▸ **What to work on**
From the entries below, please output exactly the lines starting at the one containing "明日にでも接近するであろう台" and ending at the one containing "Bring your style", both included.

▸ **Material provided**
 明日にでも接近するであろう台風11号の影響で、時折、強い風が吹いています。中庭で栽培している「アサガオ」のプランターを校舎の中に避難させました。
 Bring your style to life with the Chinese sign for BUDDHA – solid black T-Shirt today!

* * *

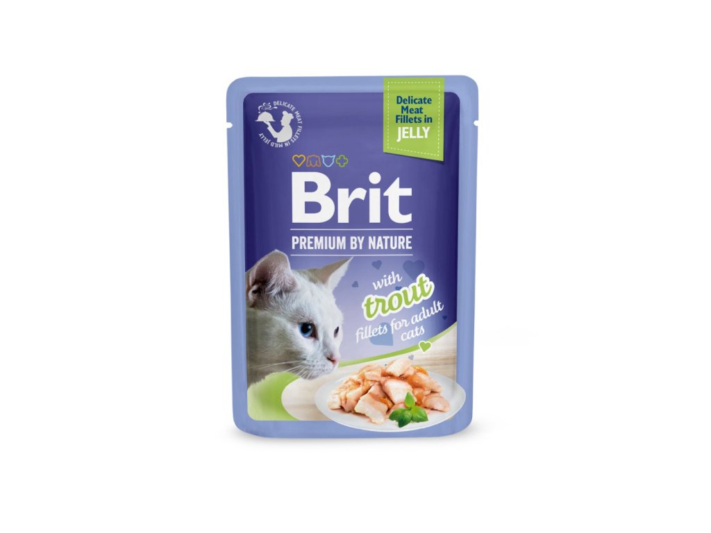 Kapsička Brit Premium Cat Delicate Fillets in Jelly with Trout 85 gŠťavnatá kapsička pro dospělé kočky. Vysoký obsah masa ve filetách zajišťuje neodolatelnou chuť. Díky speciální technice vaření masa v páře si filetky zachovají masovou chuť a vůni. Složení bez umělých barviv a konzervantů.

---

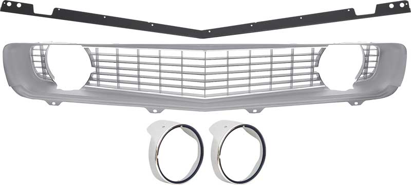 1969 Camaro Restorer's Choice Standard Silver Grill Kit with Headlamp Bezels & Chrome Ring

▸ **Written reply**
 明日にでも接近するであろう台風11号の影響で、時折、強い風が吹いています。中庭で栽培している「アサガオ」のプランターを校舎の中に避難させました。
 Bring your style to life with the Chinese sign for BUDDHA – solid black T-Shirt today!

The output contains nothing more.